§ **Work required**:
Only one stretch of the data is wanted: the line containing "The centrepiece of", the line containing "Steuben County Emergency", and every line between them, copied exactly.

§ **Material shown**:
++++++++++

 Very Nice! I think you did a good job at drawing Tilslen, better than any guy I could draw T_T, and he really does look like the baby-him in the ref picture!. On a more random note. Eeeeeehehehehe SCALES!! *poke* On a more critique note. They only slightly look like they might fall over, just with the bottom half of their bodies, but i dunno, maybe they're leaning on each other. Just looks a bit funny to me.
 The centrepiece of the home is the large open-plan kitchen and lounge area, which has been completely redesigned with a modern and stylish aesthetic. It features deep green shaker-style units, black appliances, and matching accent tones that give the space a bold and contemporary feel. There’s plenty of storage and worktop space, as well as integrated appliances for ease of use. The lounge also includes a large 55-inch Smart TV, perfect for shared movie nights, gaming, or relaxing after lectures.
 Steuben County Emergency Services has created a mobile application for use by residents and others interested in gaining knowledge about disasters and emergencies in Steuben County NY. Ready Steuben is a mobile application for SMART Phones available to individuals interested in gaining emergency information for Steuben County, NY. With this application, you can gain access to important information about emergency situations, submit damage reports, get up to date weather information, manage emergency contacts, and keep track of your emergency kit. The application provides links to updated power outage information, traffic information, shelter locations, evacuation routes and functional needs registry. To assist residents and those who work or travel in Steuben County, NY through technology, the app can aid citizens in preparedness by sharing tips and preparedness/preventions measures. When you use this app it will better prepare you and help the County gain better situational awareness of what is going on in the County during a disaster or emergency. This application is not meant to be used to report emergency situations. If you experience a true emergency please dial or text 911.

++++++++++

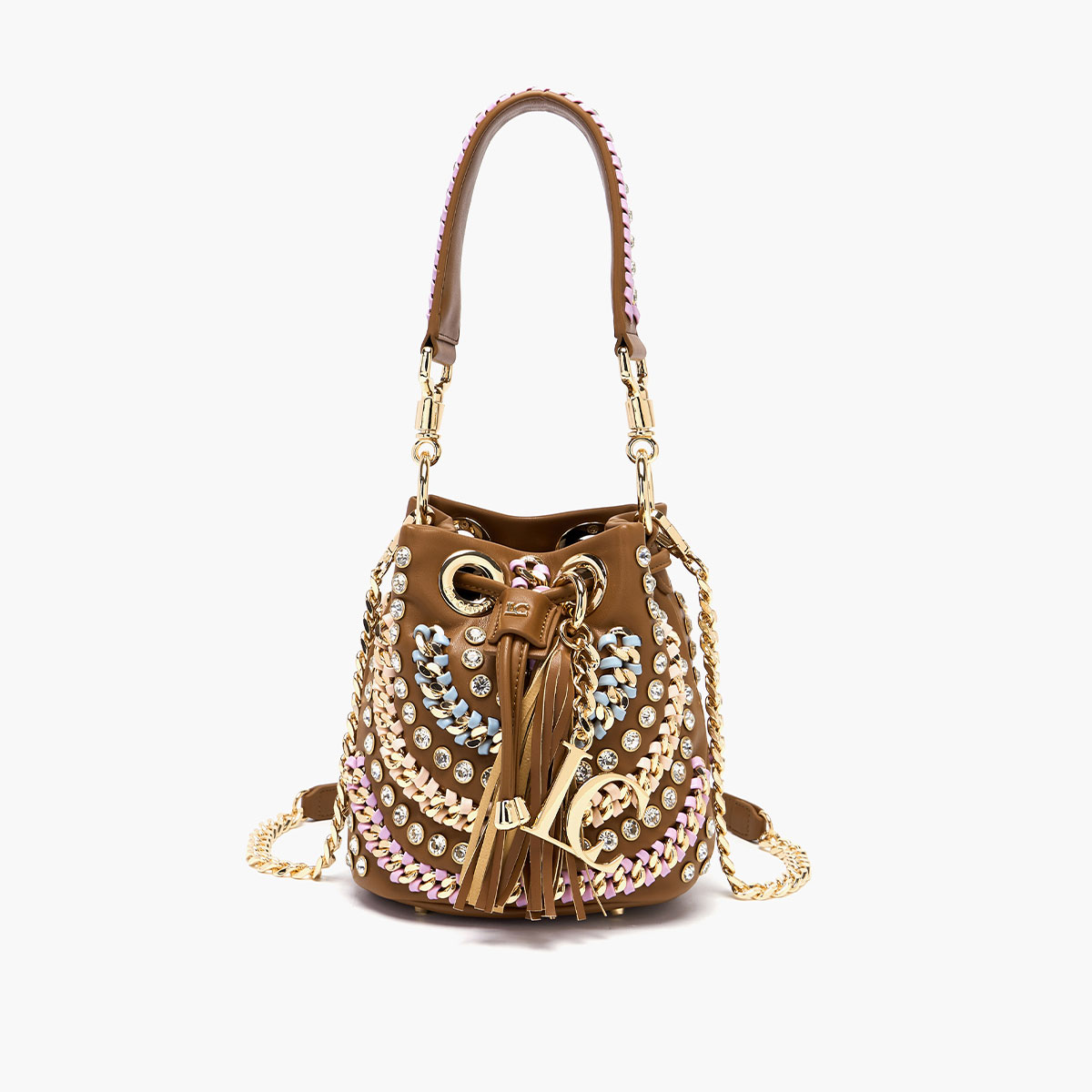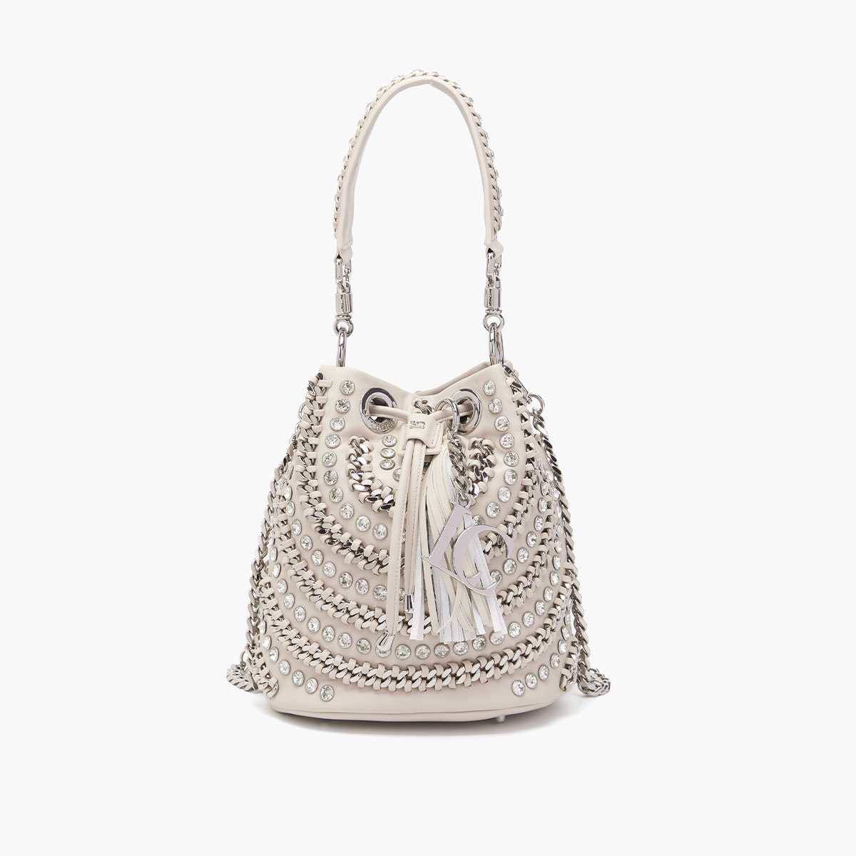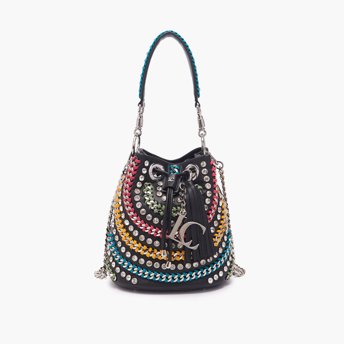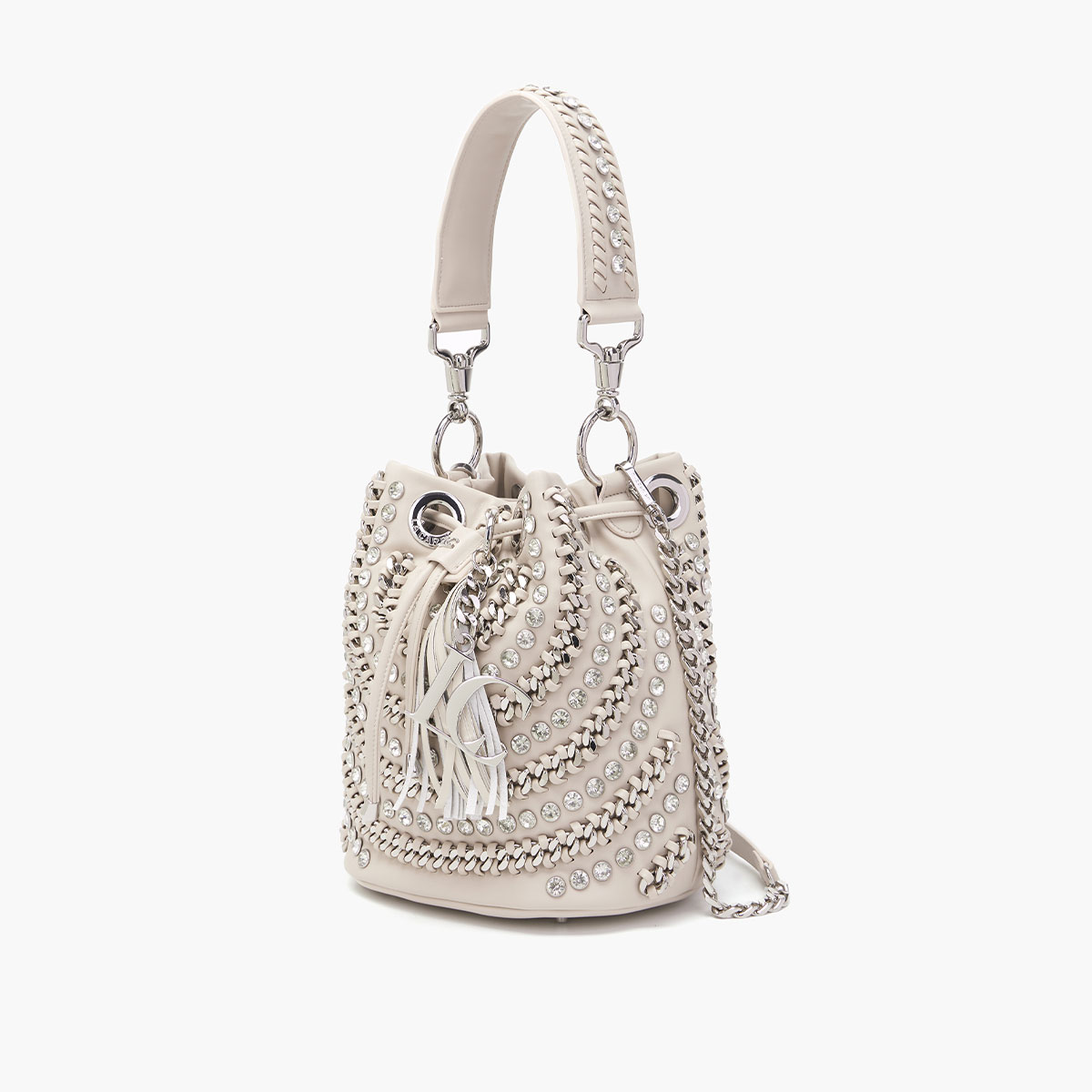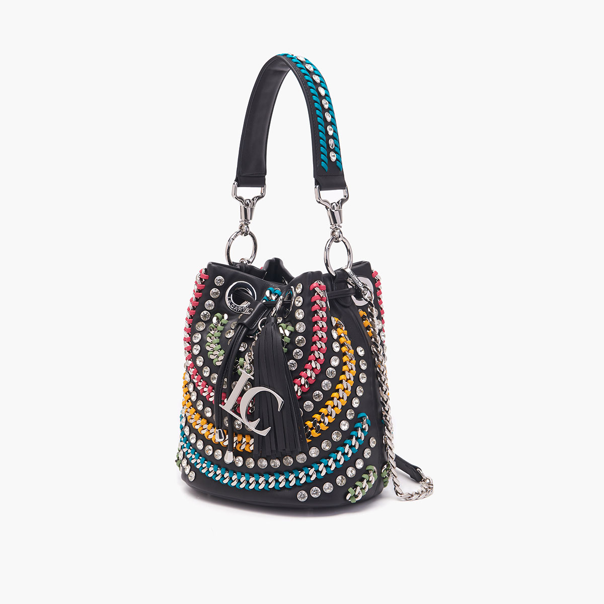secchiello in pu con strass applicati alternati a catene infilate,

++++++++++

§ **Exercise result**:
 The centrepiece of the home is the large open-plan kitchen and lounge area, which has been completely redesigned with a modern and stylish aesthetic. It features deep green shaker-style units, black appliances, and matching accent tones that give the space a bold and contemporary feel. There’s plenty of storage and worktop space, as well as integrated appliances for ease of use. The lounge also includes a large 55-inch Smart TV, perfect for shared movie nights, gaming, or relaxing after lectures.
 Steuben County Emergency Services has created a mobile application for use by residents and others interested in gaining knowledge about disasters and emergencies in Steuben County NY. Ready Steuben is a mobile application for SMART Phones available to individuals interested in gaining emergency information for Steuben County, NY. With this application, you can gain access to important information about emergency situations, submit damage reports, get up to date weather information, manage emergency contacts, and keep track of your emergency kit. The application provides links to updated power outage information, traffic information, shelter locations, evacuation routes and functional needs registry. To assist residents and those who work or travel in Steuben County, NY through technology, the app can aid citizens in preparedness by sharing tips and preparedness/preventions measures. When you use this app it will better prepare you and help the County gain better situational awareness of what is going on in the County during a disaster or emergency. This application is not meant to be used to report emergency situations. If you experience a true emergency please dial or text 911.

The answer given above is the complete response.